Plan Ignores California Experience Where Insurers Got Rich and Patients Got Hurt
Santa Monica, CA — President Bush is expected to announce tomorrow his support for draconian restrictions on medical malpractice victims, no matter how egregious the conduct or serious the injury.
The Foundation for Taxpayer and Consumer Rights (FTCR) said that the plan to apply California’s limits on victim recovery nationwide will bring more pain for patients who have already been hurt by the cost-cutting HMO system.
“Limiting liability for providers, who are already pressured by HMOs to cut corners , will encourage HMO doctors to be even less cautious with their patients,” said FTCR’s Executive Director, Jamie Court. “Californians have paid for the limited liability of HMO providers with their health and their lives. These restrictions should be lifted in California, not imposed nationwide.”
Testifying before Congress last week, Court noted that only insurers have benefited from California’s restrictions on the injured. The legislation under consideration, HR 4600, would impose, among other limits on patients, including a national $250,000 cap on recovery for innocent malpractice victims’ pain and suffering.
Click here to read FTCR’s testimony .
“HR 4600 will deny innocent victims of medical negligence both adequate compensation for their injuries and legal representation for legitimate claims,” Court told the House Energy and Commerce Committee’s Health SubCommittee. “It will confer substantial financial benefits only on malpractice insurance companies, not the average physician. To the extent that staff model HMOs indemnify their staff and facilities, as the nation’s largest HMO Kaiser does, HR 4600 will also protect HMOs from liability for the harm they cause to patients. The evidence comes from California, where the model for HR 4600 has had these consequences.”
Court presented the Committee with data from the National Association of Insurance Commissioners. It shows that California insurers have, in fact, profited greatly from California patients’ pain.
– In most years since the courts ruled that capping victims’
compensation was constitutional, 1986, California malpractice insurers have paid out in claims less than fifty cents of every dollar they have taken in through premiums (every year since 1989). By contrast, malpractice insurers nationally have typically paid out in claims more than two-thirds of every premium dollar.

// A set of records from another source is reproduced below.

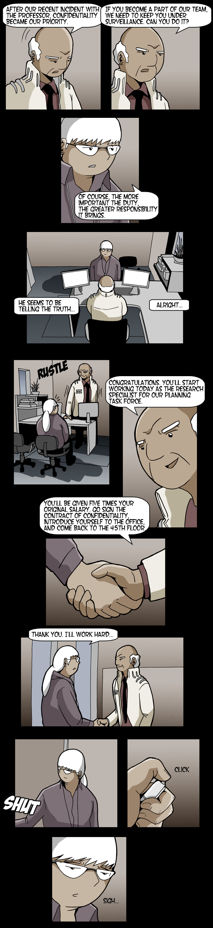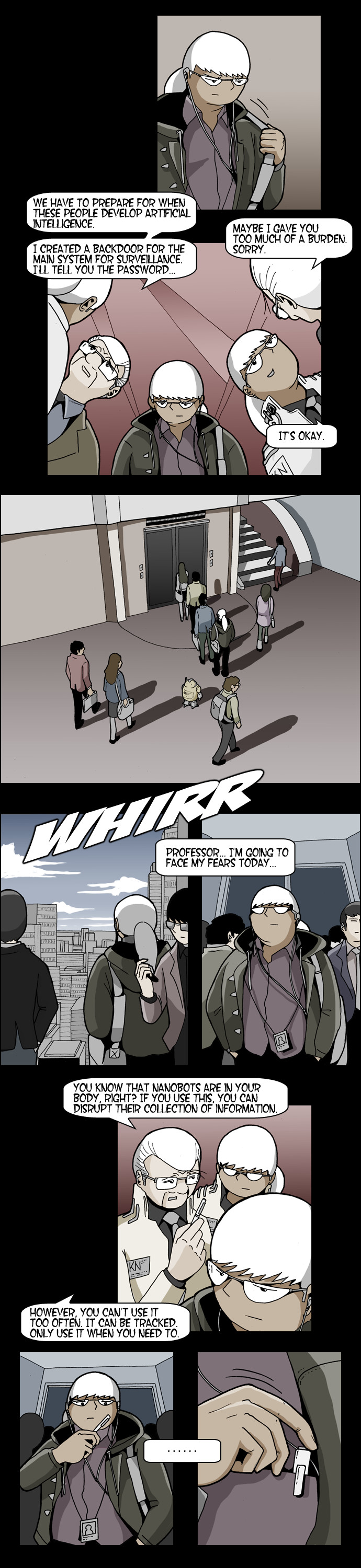 Aidie is KN Group's mascot robot that has been greeting the employees every morning. Its creator, Professor Harvey, takes Aidie on the day of his resignation and risks his life to protect it from the company. What secrets does this one robot hold?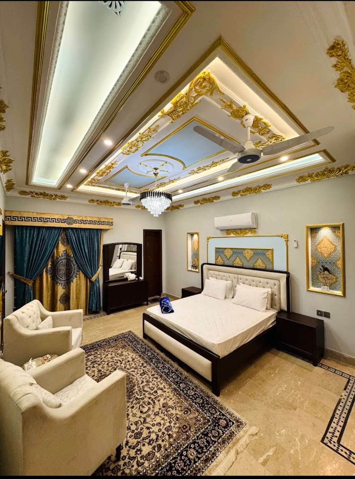 Floating bed, starlit ceiling & elevator access — Multan’s most aesthetic 1-bed stay. Escape Aura – Luxury Stay in Buch Villas, Multan Experience Multan’s first aesthetic apartment with a starlit ceiling, floating bed, and elegant dark-light theme. Enjoy full privacy with self check-in & check-out. Located in Buch Villas, just steps away from Imtiaz Mega Mart, Universal Cinema, and Buch International Hospital. Family & verified guests only. No unmarried couples / no parties.
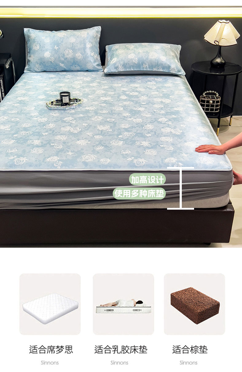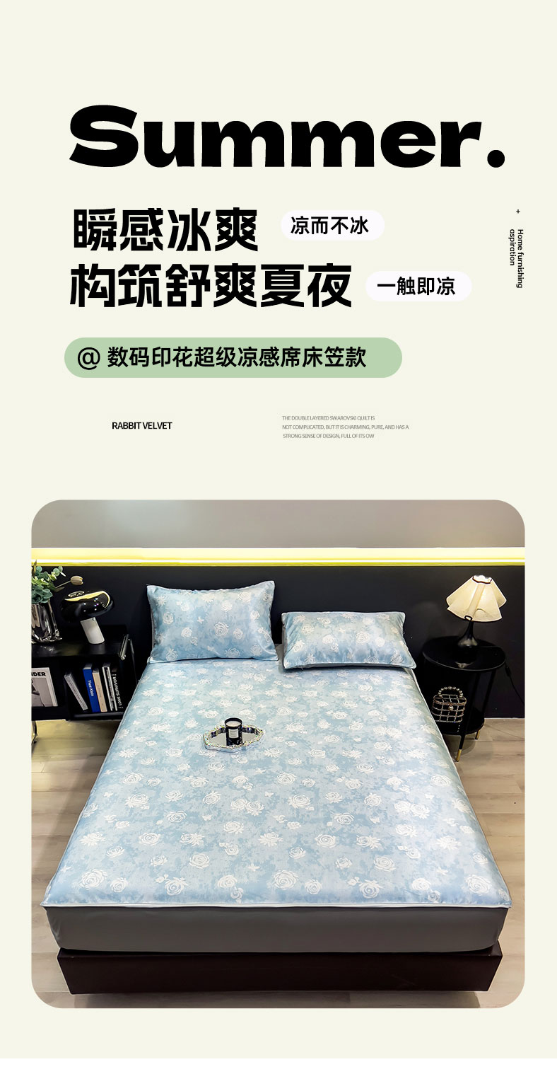 商品名称:许林家纺 2026新款数码印花超级凉感席床笠款 初墨

– California malpractice insurers’ “operating profits” have been higher than the rest of nation since the restrictions were implemented, even though many insurers claim to be “not for profit.” For non profits, the money taken in from doctors but not paid to victims can also be tied up in excessive overhead, assets and reserves that yield investment profits or in higher legal costs of defending against claims.
– The 2000 average premium per doctor in California was only 8.2 percent below that of the nation ($7,200.61 vs. $7,843.75). The average malpractice premium in California between 1991 and 2000 actually grew more quickly (3.5 percent), than it did in the nation overall (1.9 percent.)